Stored data entries:
- - -

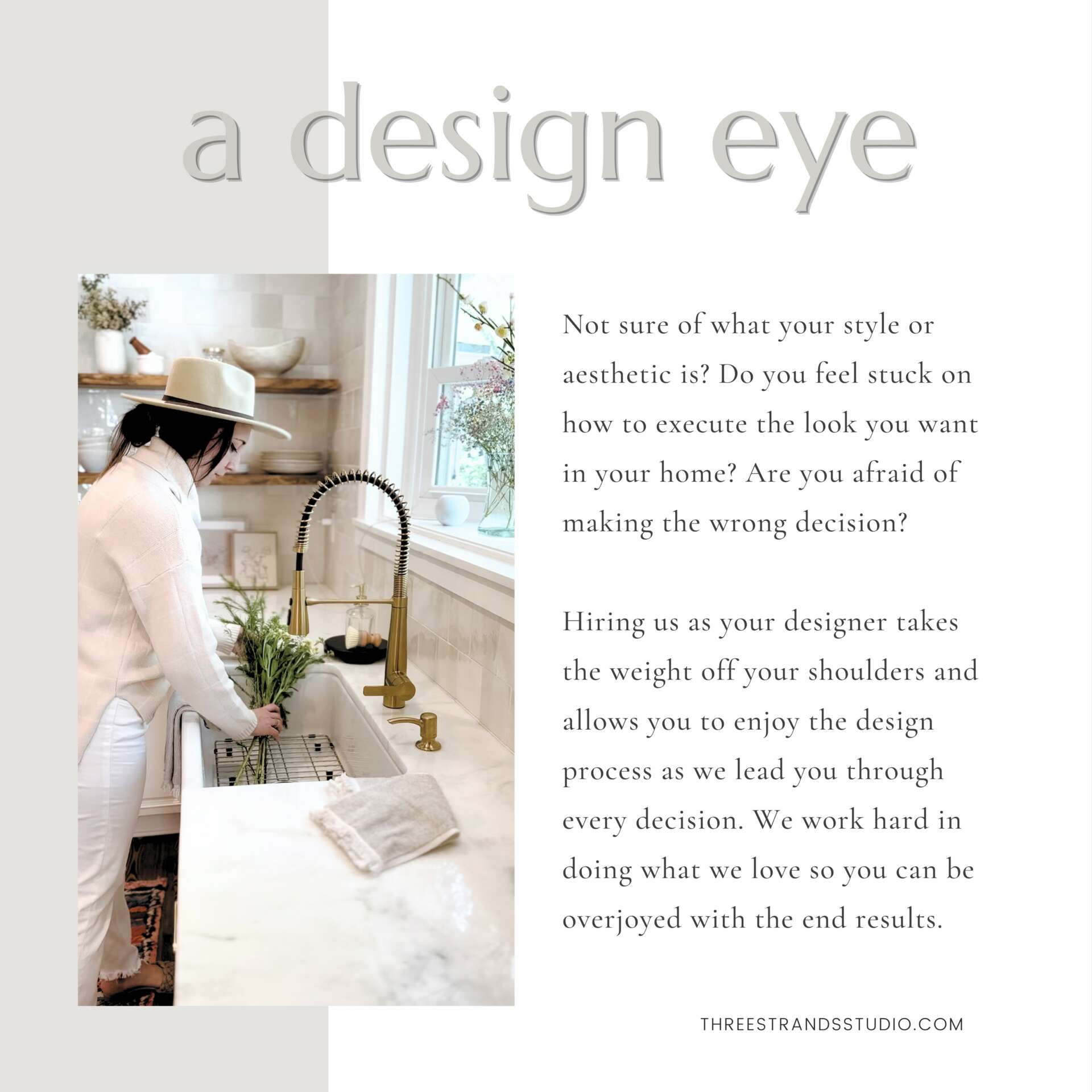 Our main goal as Three Strands Studio is not only to transform a space that functions well and looks pretty dang good but to transform the atmosphere of the space that impacts the clients long after we’re gone. There’s beauty in the transformation and when you think about it, we all get excited when we see a cocoon become a butterfly. But we don’t always love what comes before the transformation or how long the transformation takes. Many homeowners find themselves stuck or don’t know where to start so they become decision paralyzed; not making any progress towards their dream remodel. Others thought they knew what they wanted but when they tried it, it didn’t turn out anything like they planned or envisioned so then they come afraid and stop so they avoid making another mistake. That’s where we love to come in! We desire to help out everyday homeowners who don’t necessarily have the vision, skill, knowledge, or time to even begin the first step, let alone take on a full remodel. Every individual deserves a place to call their own – a space to create memories, find solace, and feel secure. We strongly believe that every person should have access to a home that reflects their unique story and lifestyle, regardless of their budget and we believe we are the Studio that can achieve this for them.
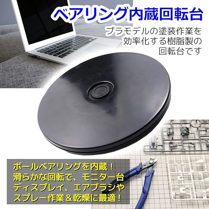 回転台 回転盤 塗装 ペインティングスタンド 乾燥 展示 模型 ディスプレイ 撮影用 直径 20cm ブラック
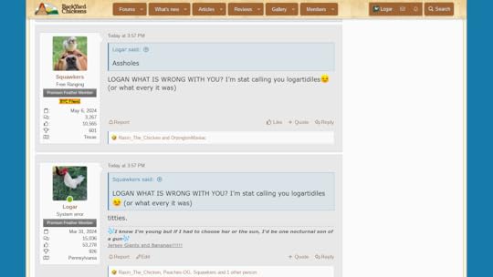You shouldn't have left that one group pm on BYC the discussions have been so funny. there was a 10 page thing about titties and I got the name Logantitties 😭"
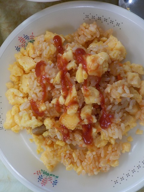 今日の給食 オムライス風ごはん だいこんの甘酢あえ 豆乳スープ 牛乳
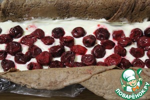 Разделила количество блинов на 3 слоя. И выкладывала - слой блинов - начинка - слой блинов - начинка с вишней -слой блинов -начинка и слой блинов. -
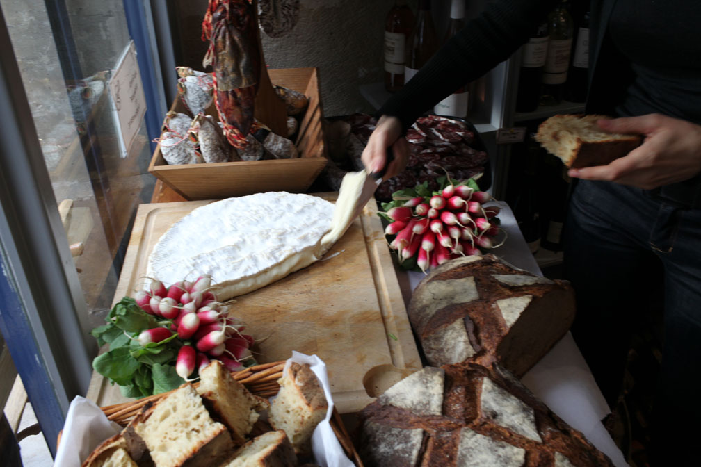Heaps of sausage, a large Camembert, and crusty bread from Julien
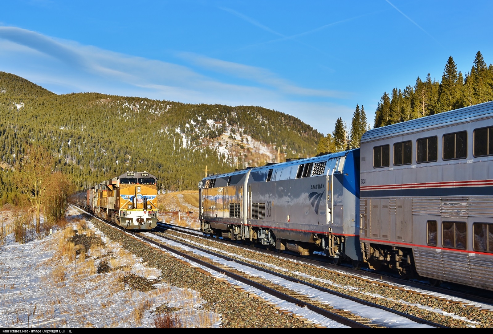 The Winter Park Express Ski Train meets a Union Pacific oil can train at Tolland, Colorado as it heads back to Denver with a load of tired skiers, hikers and snowboarders.
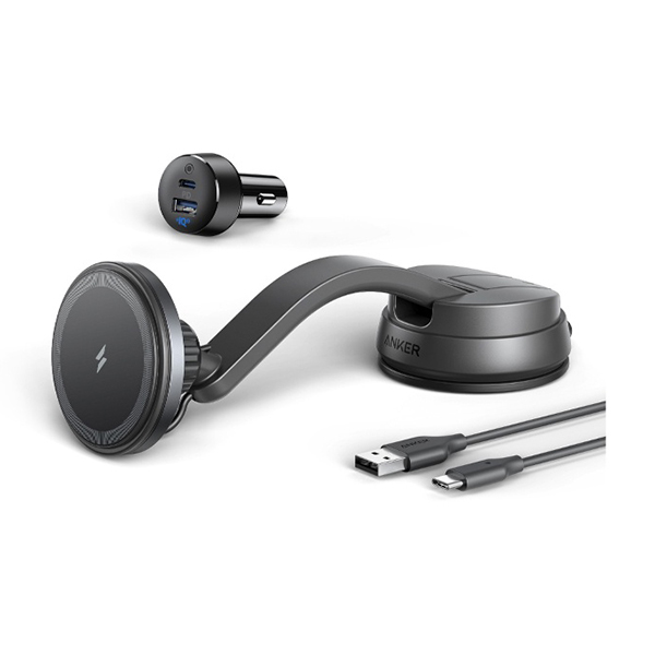 Anker 613 Magnetic Wireless Charger (MagGo), 2-port USB car charger, 5 ft (1.5 m) USB-C to USB-A charging cable, 4 cable clips (self-adhesive), and dashboard mounting pad (3M).
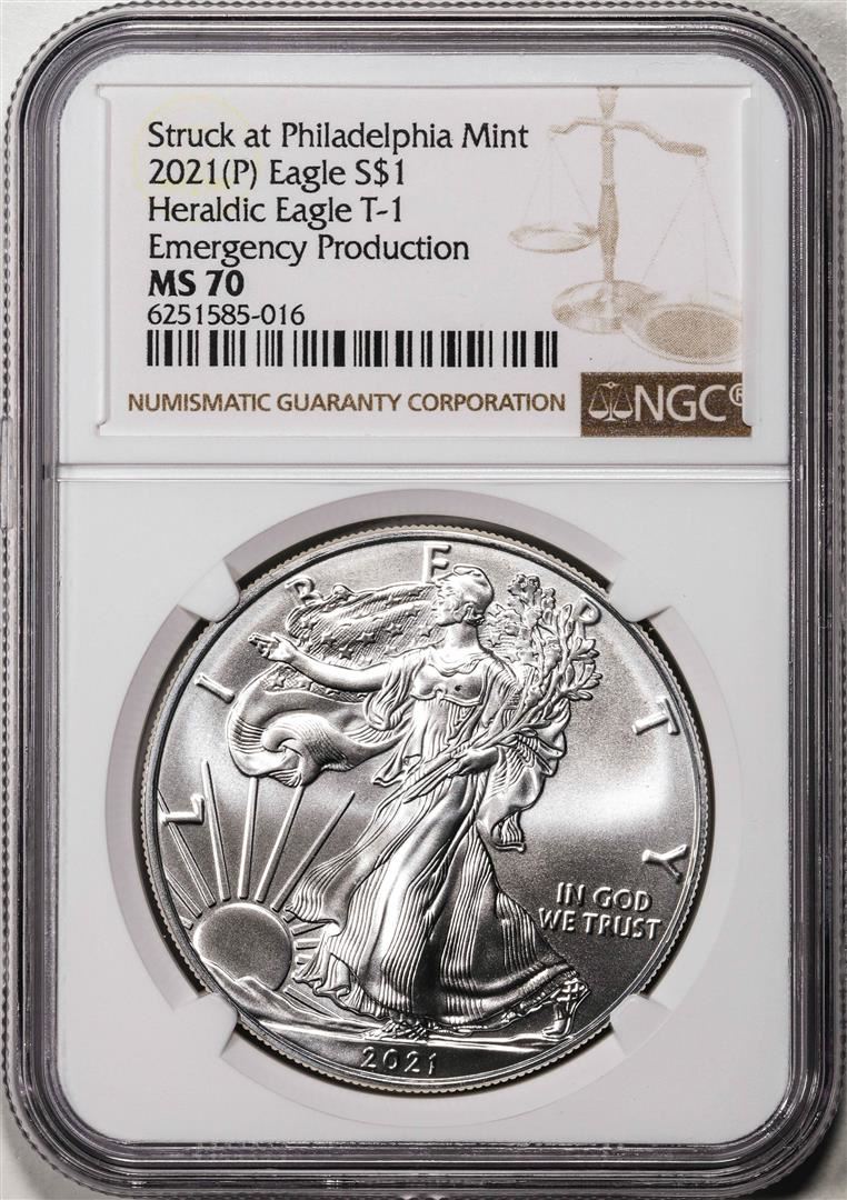2021(P) Type 1 $1 American Silver Eagle Coin NGC MS70 Struck at Philadelphia
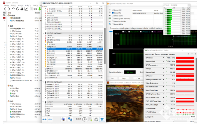 5.在AIDA64+FurMark的15分钟双烤机满载测试中,CPU+GPU的总功耗输出依然高达60瓦,其中CPU为21瓦,显卡为39.6瓦,还仍然维持了高能输出,荣耀散热系统的能力得到了有力的证明。
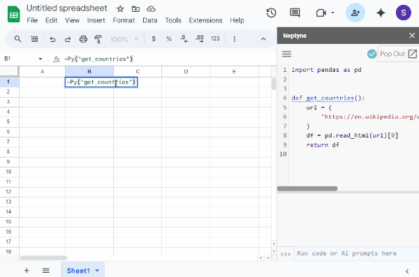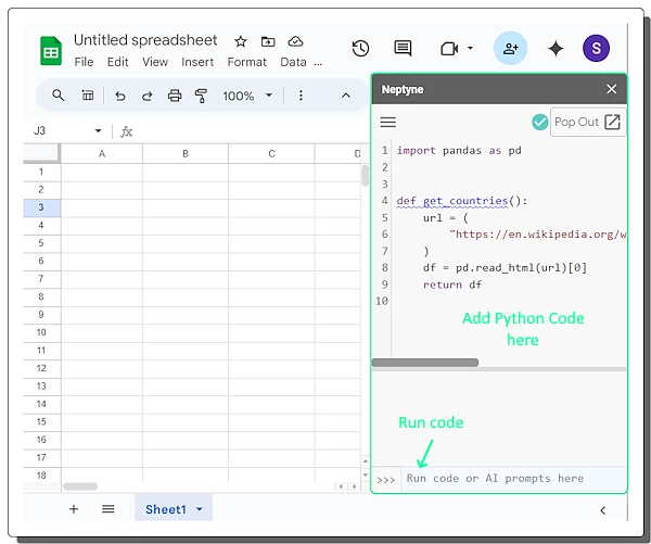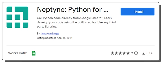 This post explains how to run Python in Google Sheets. Neptyne is a free extension that brings Python into Google Sheets. By installing this extension, I can get a dedicated Python code editor where I can write my own functions and use any third-party libraries. This extension extends the functionality of spreadsheet making it easy to import data from various sources using Python.

- - -

The reply must hold each line of the records verbatim and no pictures.

 Our main goal as Three Strands Studio is not only to transform a space that functions well and looks pretty dang good but to transform the atmosphere of the space that impacts the clients long after we’re gone. There’s beauty in the transformation and when you think about it, we all get excited when we see a cocoon become a butterfly. But we don’t always love what comes before the transformation or how long the transformation takes. Many homeowners find themselves stuck or don’t know where to start so they become decision paralyzed; not making any progress towards their dream remodel. Others thought they knew what they wanted but when they tried it, it didn’t turn out anything like they planned or envisioned so then they come afraid and stop so they avoid making another mistake. That’s where we love to come in! We desire to help out everyday homeowners who don’t necessarily have the vision, skill, knowledge, or time to even begin the first step, let alone take on a full remodel. Every individual deserves a place to call their own – a space to create memories, find solace, and feel secure. We strongly believe that every person should have access to a home that reflects their unique story and lifestyle, regardless of their budget and we believe we are the Studio that can achieve this for them.
 回転台 回転盤 塗装 ペインティングスタンド 乾燥 展示 模型 ディスプレイ 撮影用 直径 20cm ブラック
You shouldn't have left that one group pm on BYC the discussions have been so funny. there was a 10 page thing about titties and I got the name Logantitties 😭"
 今日の給食 オムライス風ごはん だいこんの甘酢あえ 豆乳スープ 牛乳
 Разделила количество блинов на 3 слоя. И выкладывала - слой блинов - начинка - слой блинов - начинка с вишней -слой блинов -начинка и слой блинов. -
Heaps of sausage, a large Camembert, and crusty bread from Julien
 The Winter Park Express Ski Train meets a Union Pacific oil can train at Tolland, Colorado as it heads back to Denver with a load of tired skiers, hikers and snowboarders.
 Anker 613 Magnetic Wireless Charger (MagGo), 2-port USB car charger, 5 ft (1.5 m) USB-C to USB-A charging cable, 4 cable clips (self-adhesive), and dashboard mounting pad (3M).
2021(P) Type 1 $1 American Silver Eagle Coin NGC MS70 Struck at Philadelphia
 5.在AIDA64+FurMark的15分钟双烤机满载测试中,CPU+GPU的总功耗输出依然高达60瓦,其中CPU为21瓦,显卡为39.6瓦,还仍然维持了高能输出,荣耀散热系统的能力得到了有力的证明。
 This post explains how to run Python in Google Sheets. Neptyne is a free extension that brings Python into Google Sheets. By installing this extension, I can get a dedicated Python code editor where I can write my own functions and use any third-party libraries. This extension extends the functionality of spreadsheet making it easy to import data from various sources using Python.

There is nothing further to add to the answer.